Primary hepatocytes isolation and treatment. Primary hepatocytes isolation and culture were described previously (43). Briefly, the mice were anesthetized, and the liver was perfused with a prewarmed solution. The hepatocytes were suspended in 50% Percoll (MilliporeSigma), and seeded on collagen-coated culture plates with William E medium (MilliporeSigma) containing 2 mM glutamine, 1% Pen/Strep, and 5% FBS. Four to six hours after cell attachment, the medium was changed with William E medium without FBS before treatment with ethanol and other treatments, as indicated.
ChIP assay. Liver tissues were minced and cross-linked by 1% formaldehyde for 20 minutes before quenching with 1:20 volume of 2.5 M glycine solution for 5 minutes. After washing with PBS twice, the nuclear were extracted by Dounce homogenization in ChIP buffer (50 mM Tris-HCl, pH 7.5, 1 mM EDTA, 140 mM NaCl, 0.1% sodium deoxycholate, 1% Triton X-100). The chromatin fragments were prepared in lysis buffer (50 mM Tris-HCL, pH 8.0, 10 mM EDTA, 0.1% SDS) by sonication. Proteins were immunoprecipitated using REV-ERBα Ab (13418, CTS, MA) or IgG in ChIP buffer. The cross-link was reversed overnight in SDS buffer (50 mM Tris-HCL, pH 8.0, 10 mM EDTA, 1% SDS), and DNA was purified and used as templates for qPCR.
Luciferase assay. AML12 or Hepa1 cells (ATCC CRL-2254, ATCC CRL-1830) were transfected with mouse Cyp4a10 or Cyp4a14 promoters (sequences were provided in Supplemental Figure 5), which was cloned into pGL3-Basic (Promega) and sequenced for confirmation. The transfections were performed using Lipofectamine 2000 (Thermo). Luciferase activities were detected using Dual-Luciferase Reporter Assay (Promega) and normalized against renilla activities. Triplicates were performed in each group, and each experiment was repeated 3 times.

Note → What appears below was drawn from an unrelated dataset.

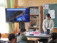 案内する場所は、体育館、運動場、図書室、音楽室、5年生の教室でした。玄関に待機されたカルメン先生を、教室のテレビに映った映像の移り変わりを見ながら、子ども達は上手に案内していました。
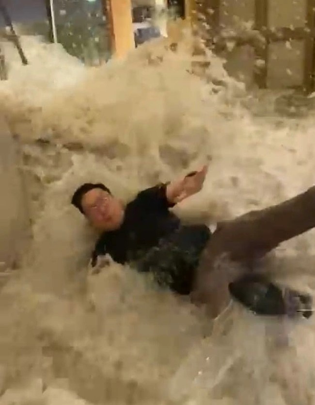 Sebuah video viral, di mana seorang tamu hotel jatuh saat luapan air masuk ke lobi setelah menghancurkan pintu kaca. Staf hotel berusaha keras untuk mengimbau tamu untuk meninggalkan area tersebut. Ketinggian air mencapai lutut orang dewasa.

IHC, Oil Red O, and Nile Red staining. Liver tissues were collected and fixed in 10% formalin on a shaking device for 24–48 hours, paraffin-embedded, and sliced into 5 μm sections for the following H&E staining according to the standard protocol. For IHC, Abs against CYP4A (sc-271983) and CYP2E1 (AB1252, Millipore) were used to stain the paraffin sections and visualized with DAB Peroxidase Substrate Kit (Vector Laboratories). For the Oil Red O staining, 5 μm frozen sections were prepared by cryosection from snap-frozen liver tissues. The primary hepatocytes or human hepatocyte cell line HC04 was treated and fixed with 4% paraformaldehyde. The sections or cells were stained in 0.5% Oil Red O in 60% isopropanol for 30 minutes. The images were taken by Olympus BX41 microscope. Cultured cells or frozen sections were fixed with 4% paraformaldehyde and stained with 250 μg/mL Nile Red solution for 15 minutes. The images were obtained by Nikon A1R confocal laser microscope (Nikon).

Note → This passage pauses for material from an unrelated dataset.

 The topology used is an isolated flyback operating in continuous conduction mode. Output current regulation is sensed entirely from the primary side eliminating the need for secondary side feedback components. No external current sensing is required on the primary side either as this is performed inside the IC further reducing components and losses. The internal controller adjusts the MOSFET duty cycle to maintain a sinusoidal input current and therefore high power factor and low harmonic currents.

Liver TG assay and ALT/AST assay. Serum and liver TG were analyzed using Pointe Scientific Triglycerides Liquid Reagents (Thermo) as described previously (18). Serum ALT and AST were measured using Infinity ALT and AST reagents (Thermo) according to the manufacturer’s instructions. All experiments were performed in duplicates.
Measurement of ROS generation. ROS generation in primary hepatocytes was measured using 2′,7′–dichlorofluorescin diacetate (DCFDA) Cellular Reactive Oxygen Species Detection Assay Kit (Abcam) as previously (44). Briefly, primary hepatocyte from WT or Rev-Erbα−/− mice livers were isolated and seeded to the black wall, clear-bottom 96-well microplate overnight before the indicated treatments; DCFDA solution was added and incubated indicated time. The fluorescence was measured with excitation at 485 nm and emission at 535 nm using a microplate reader (Bio-Tek).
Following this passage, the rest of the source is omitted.